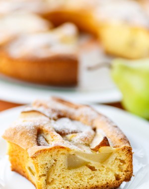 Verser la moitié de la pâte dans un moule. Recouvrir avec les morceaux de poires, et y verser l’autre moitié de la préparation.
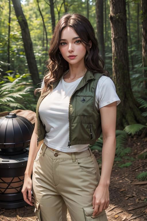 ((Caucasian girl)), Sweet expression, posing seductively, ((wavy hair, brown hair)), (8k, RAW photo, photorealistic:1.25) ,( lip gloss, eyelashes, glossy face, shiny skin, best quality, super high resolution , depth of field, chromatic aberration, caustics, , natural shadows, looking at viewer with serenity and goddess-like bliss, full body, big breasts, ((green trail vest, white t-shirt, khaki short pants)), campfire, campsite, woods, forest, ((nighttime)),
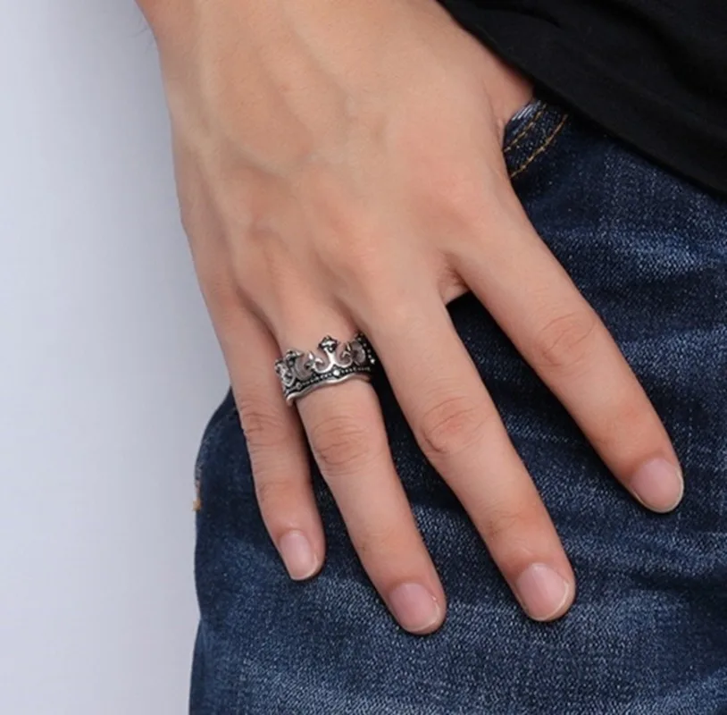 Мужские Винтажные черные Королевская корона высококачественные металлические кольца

## DIRECTIONS FOR THIS TASK
Exclude the pictures, and transcribe all of the material exactly.

## PROBLEM SOLUTION
 Verser la moitié de la pâte dans un moule. Recouvrir avec les morceaux de poires, et y verser l’autre moitié de la préparation.
 ((Caucasian girl)), Sweet expression, posing seductively, ((wavy hair, brown hair)), (8k, RAW photo, photorealistic:1.25) ,( lip gloss, eyelashes, glossy face, shiny skin, best quality, super high resolution , depth of field, chromatic aberration, caustics, , natural shadows, looking at viewer with serenity and goddess-like bliss, full body, big breasts, ((green trail vest, white t-shirt, khaki short pants)), campfire, campsite, woods, forest, ((nighttime)),
 Мужские Винтажные черные Королевская корона высококачественные металлические кольца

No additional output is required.